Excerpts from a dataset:
* * * * *

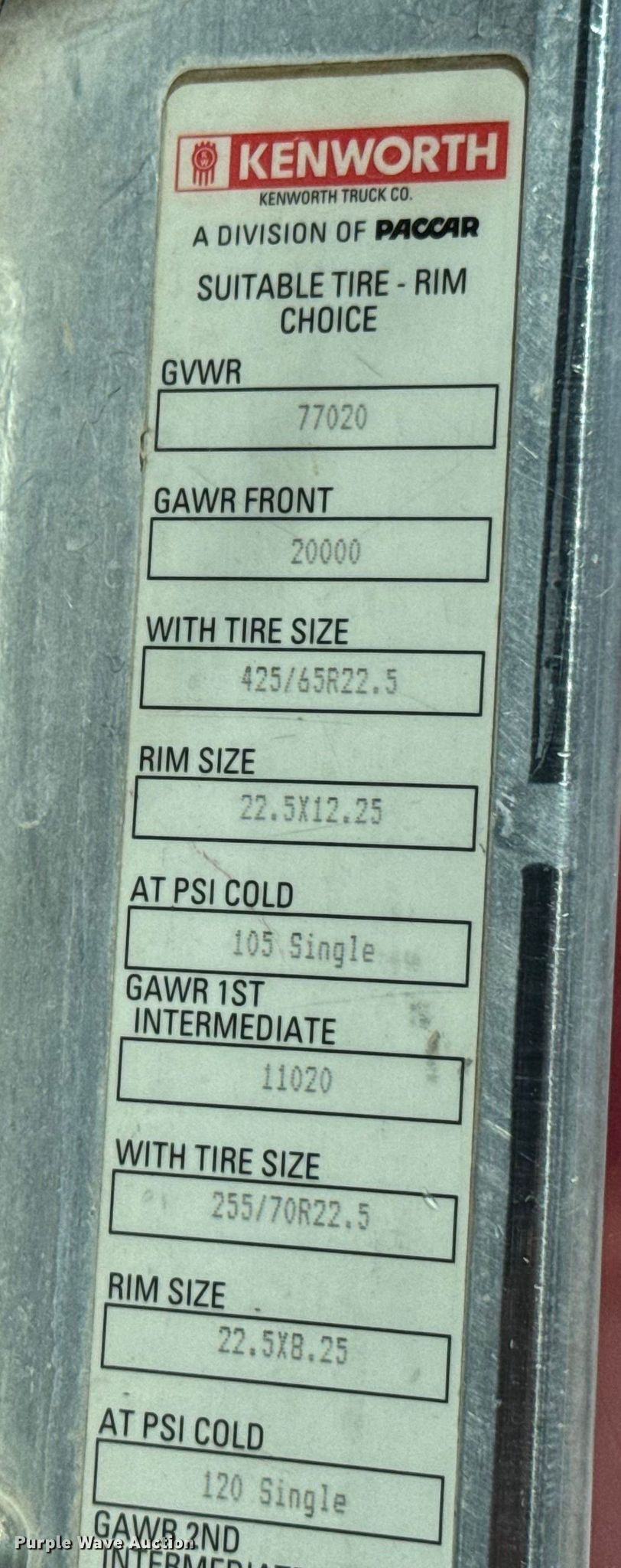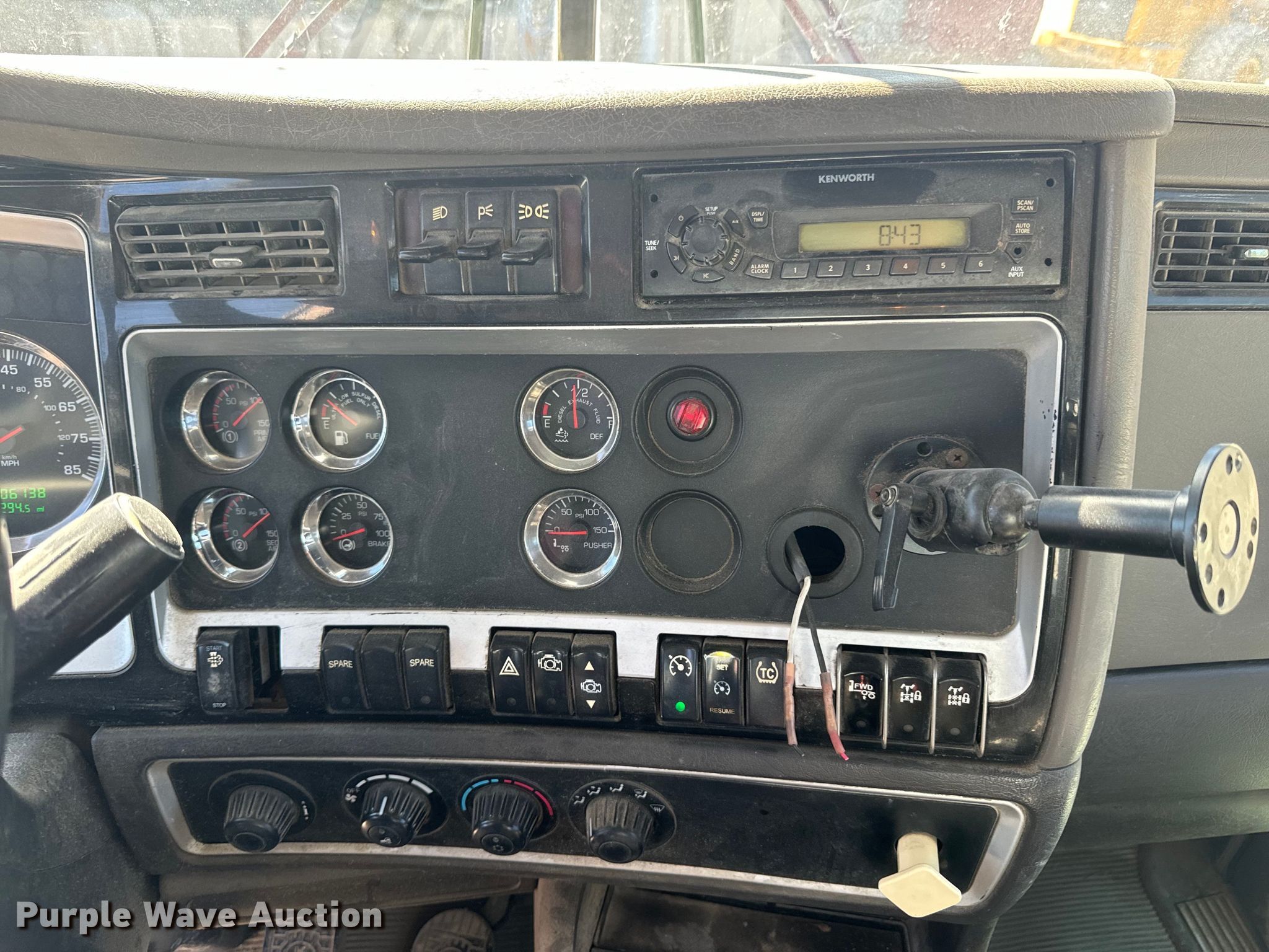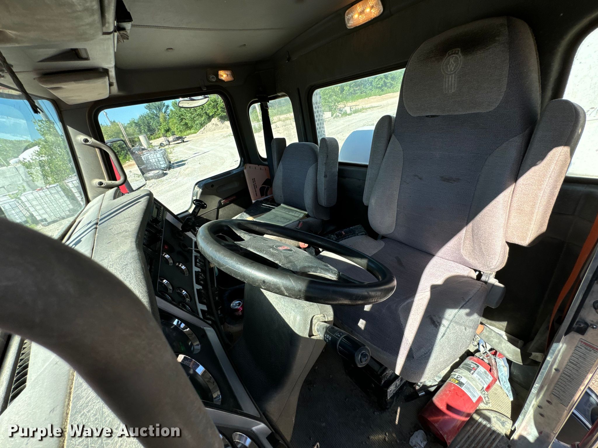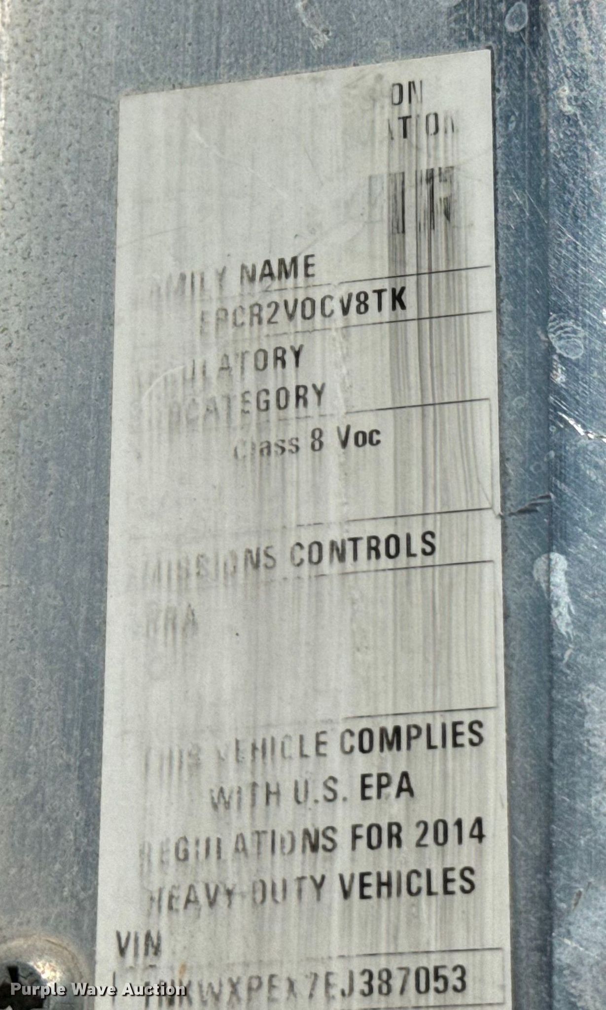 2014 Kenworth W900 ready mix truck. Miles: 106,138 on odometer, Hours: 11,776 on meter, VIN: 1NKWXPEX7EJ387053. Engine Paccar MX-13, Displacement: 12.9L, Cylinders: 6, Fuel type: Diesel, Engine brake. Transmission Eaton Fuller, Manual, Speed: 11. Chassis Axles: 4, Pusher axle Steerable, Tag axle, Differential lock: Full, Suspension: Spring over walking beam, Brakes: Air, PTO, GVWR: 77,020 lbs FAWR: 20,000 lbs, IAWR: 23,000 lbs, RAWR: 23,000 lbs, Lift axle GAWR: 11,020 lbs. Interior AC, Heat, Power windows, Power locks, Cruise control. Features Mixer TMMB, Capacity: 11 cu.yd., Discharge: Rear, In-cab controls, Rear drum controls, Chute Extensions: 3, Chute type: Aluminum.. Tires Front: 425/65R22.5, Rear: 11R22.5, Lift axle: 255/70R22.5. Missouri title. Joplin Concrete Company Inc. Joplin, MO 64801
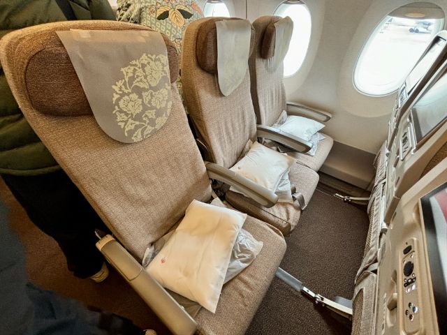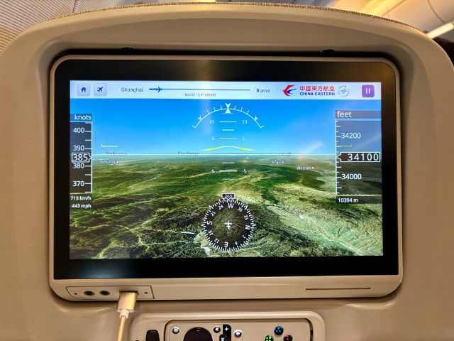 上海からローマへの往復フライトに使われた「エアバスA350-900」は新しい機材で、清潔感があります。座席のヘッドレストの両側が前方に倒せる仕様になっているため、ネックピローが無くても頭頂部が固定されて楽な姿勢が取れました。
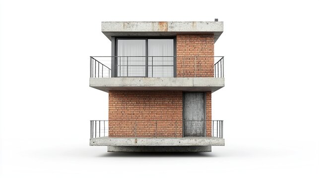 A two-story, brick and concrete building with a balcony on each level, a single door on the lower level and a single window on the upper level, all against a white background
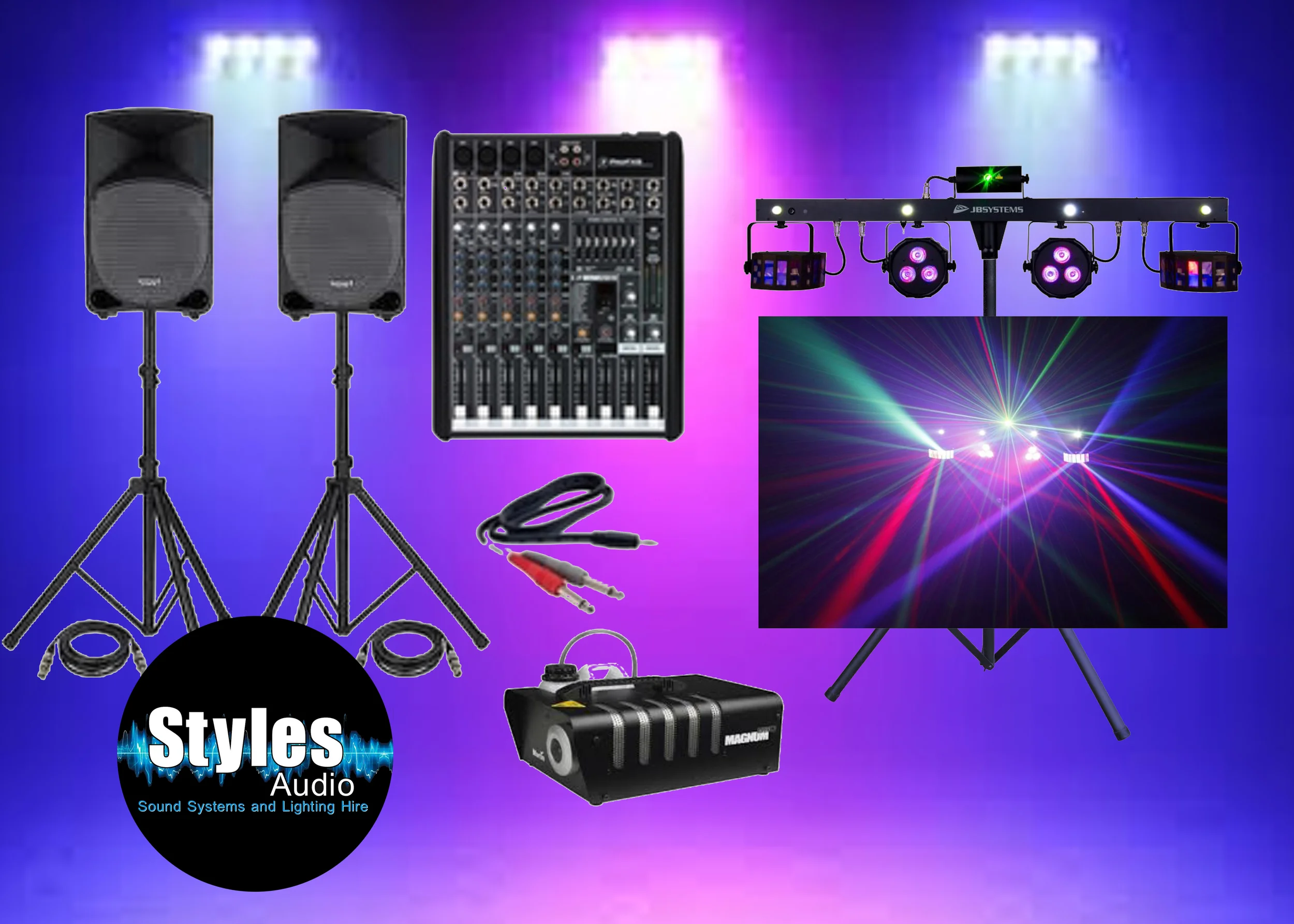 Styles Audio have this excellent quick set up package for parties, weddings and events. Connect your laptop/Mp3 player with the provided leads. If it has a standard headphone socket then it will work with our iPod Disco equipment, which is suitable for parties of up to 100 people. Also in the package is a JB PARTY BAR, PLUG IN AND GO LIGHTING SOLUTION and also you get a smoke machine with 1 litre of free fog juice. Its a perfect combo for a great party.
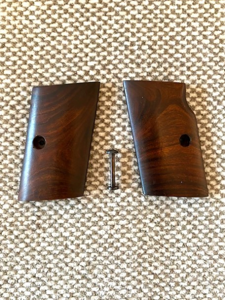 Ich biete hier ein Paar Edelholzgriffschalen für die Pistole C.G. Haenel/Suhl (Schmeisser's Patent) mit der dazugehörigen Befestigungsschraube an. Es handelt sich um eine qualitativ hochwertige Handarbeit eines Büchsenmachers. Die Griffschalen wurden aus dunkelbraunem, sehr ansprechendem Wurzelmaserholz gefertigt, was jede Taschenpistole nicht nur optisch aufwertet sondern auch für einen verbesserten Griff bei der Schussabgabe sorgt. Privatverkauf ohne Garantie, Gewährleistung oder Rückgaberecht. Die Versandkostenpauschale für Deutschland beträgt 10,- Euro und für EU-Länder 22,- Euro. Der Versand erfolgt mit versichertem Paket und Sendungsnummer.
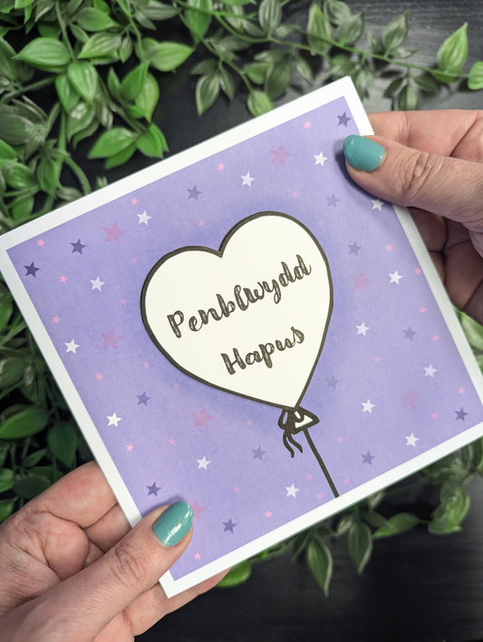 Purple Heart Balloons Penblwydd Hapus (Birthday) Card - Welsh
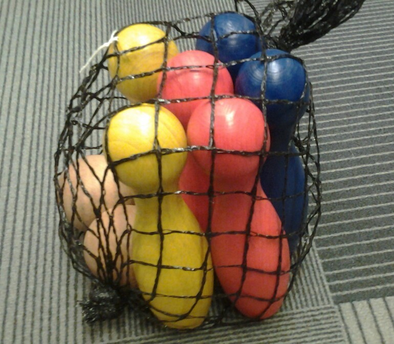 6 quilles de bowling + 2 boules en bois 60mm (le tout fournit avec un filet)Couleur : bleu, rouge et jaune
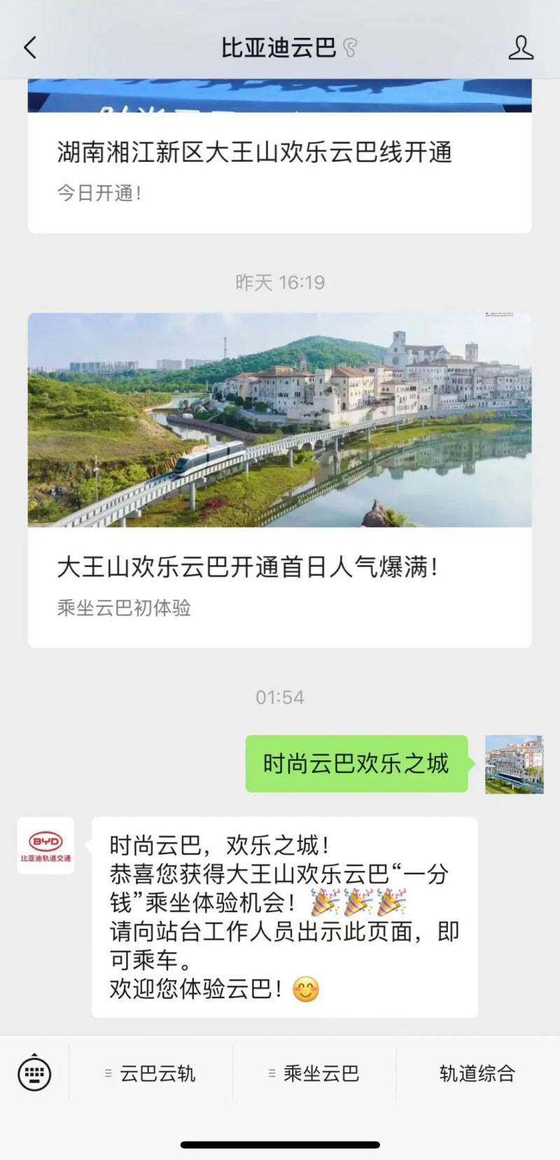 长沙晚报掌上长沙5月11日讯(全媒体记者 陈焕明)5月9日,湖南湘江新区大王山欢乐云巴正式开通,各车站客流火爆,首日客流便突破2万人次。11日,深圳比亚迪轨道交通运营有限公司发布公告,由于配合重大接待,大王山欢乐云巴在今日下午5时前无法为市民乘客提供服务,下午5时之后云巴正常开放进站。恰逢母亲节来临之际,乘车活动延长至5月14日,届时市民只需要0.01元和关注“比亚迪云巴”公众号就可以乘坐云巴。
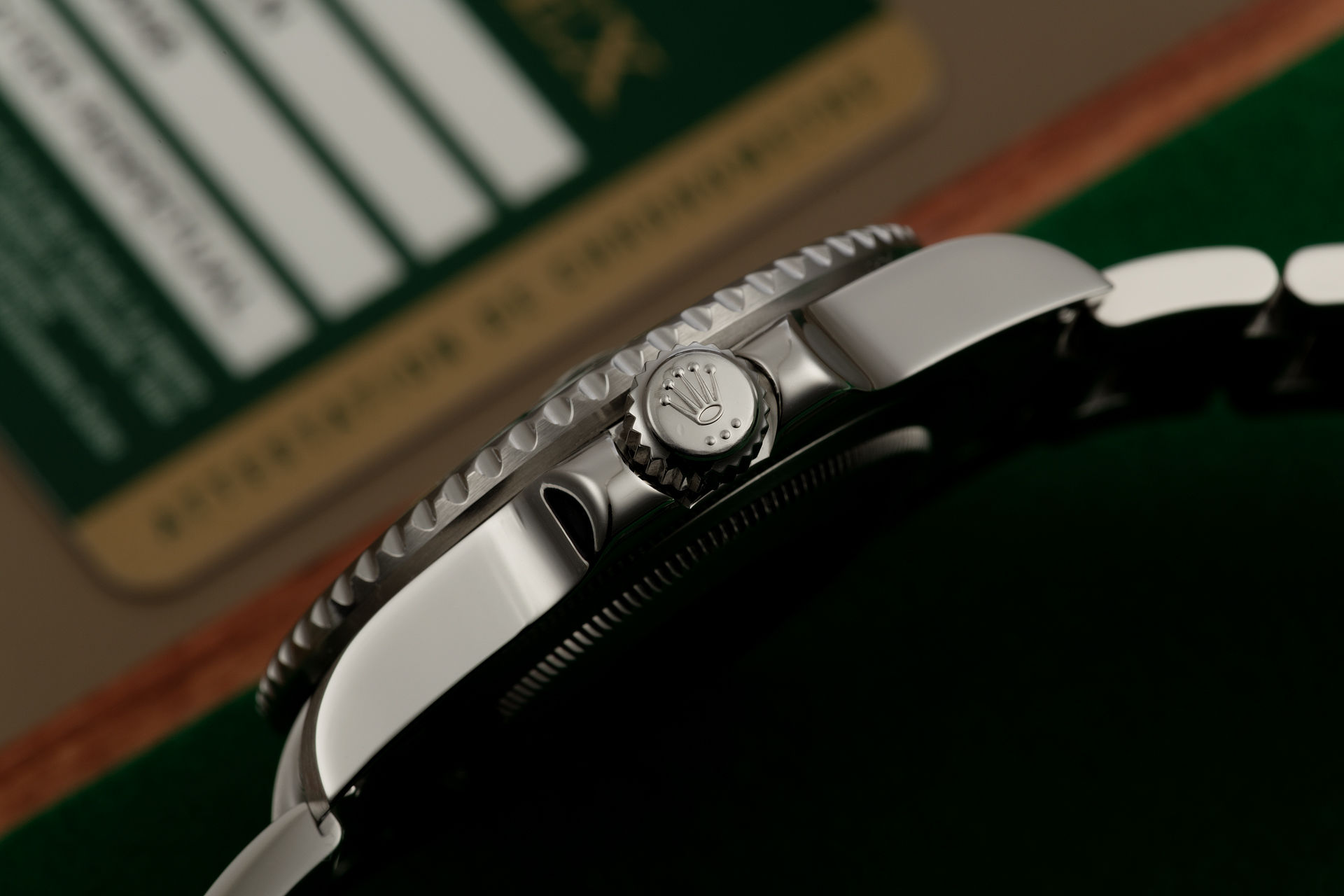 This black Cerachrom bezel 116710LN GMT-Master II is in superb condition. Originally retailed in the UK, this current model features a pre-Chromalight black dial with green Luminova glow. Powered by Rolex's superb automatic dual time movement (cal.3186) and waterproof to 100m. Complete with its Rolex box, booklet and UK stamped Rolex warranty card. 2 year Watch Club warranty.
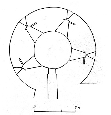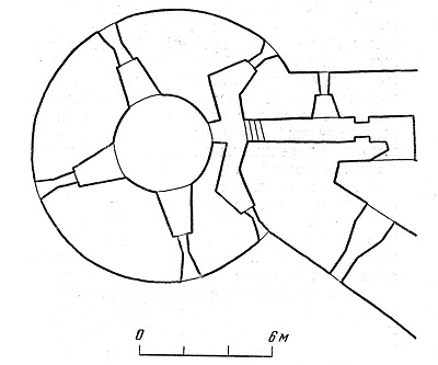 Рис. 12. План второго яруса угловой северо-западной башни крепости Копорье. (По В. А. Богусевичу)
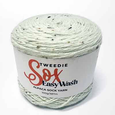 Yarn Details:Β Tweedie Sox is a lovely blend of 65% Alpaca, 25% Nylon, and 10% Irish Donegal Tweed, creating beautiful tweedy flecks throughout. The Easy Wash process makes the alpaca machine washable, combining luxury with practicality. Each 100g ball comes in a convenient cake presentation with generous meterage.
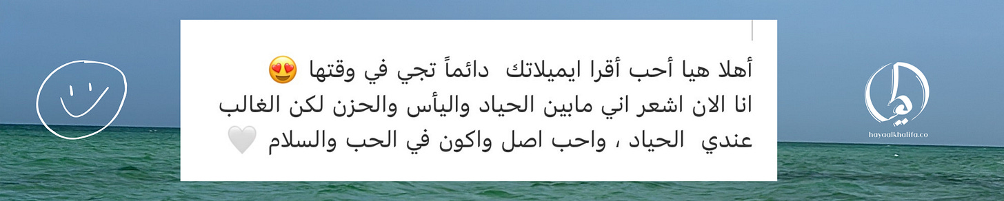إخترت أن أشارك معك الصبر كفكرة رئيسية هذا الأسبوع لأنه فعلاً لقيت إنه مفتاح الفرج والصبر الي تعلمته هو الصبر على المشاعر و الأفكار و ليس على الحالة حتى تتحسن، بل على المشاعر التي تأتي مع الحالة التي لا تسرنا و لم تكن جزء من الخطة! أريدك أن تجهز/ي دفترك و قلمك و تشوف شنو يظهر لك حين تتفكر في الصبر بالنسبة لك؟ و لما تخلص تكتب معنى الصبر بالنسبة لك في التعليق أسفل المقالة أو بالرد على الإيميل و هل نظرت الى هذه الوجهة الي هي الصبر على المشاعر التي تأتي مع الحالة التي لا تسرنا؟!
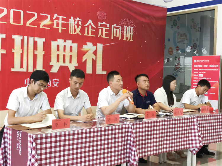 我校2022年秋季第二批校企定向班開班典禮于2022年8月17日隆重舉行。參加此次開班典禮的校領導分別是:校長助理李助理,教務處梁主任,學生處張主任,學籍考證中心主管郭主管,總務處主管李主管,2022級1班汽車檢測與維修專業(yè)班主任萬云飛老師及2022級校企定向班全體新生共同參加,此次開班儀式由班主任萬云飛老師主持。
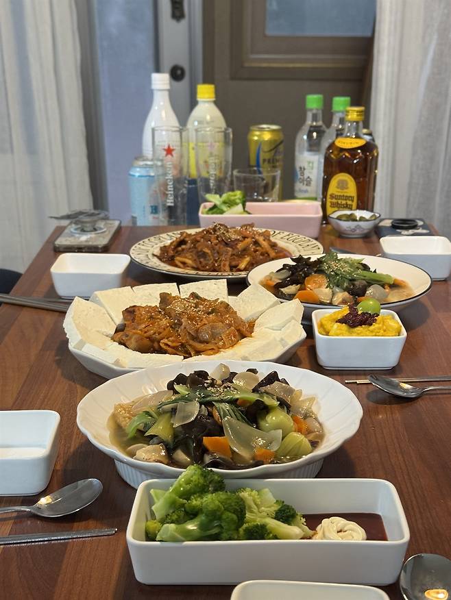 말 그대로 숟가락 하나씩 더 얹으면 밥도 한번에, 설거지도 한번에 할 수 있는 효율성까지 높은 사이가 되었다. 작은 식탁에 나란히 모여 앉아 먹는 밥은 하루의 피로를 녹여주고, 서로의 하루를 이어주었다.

* * * * *

**PROBLEM TO WORK ON**
Would you transcribe, exactly and only, the lines from the one that contains "我校2022年秋季第二批校企" through the last line of the data above, without any pictures?

**ANSWER FOR THIS EXERCISE**
 我校2022年秋季第二批校企定向班開班典禮于2022年8月17日隆重舉行。參加此次開班典禮的校領導分別是:校長助理李助理,教務處梁主任,學生處張主任,學籍考證中心主管郭主管,總務處主管李主管,2022級1班汽車檢測與維修專業(yè)班主任萬云飛老師及2022級校企定向班全體新生共同參加,此次開班儀式由班主任萬云飛老師主持。
 말 그대로 숟가락 하나씩 더 얹으면 밥도 한번에, 설거지도 한번에 할 수 있는 효율성까지 높은 사이가 되었다. 작은 식탁에 나란히 모여 앉아 먹는 밥은 하루의 피로를 녹여주고, 서로의 하루를 이어주었다.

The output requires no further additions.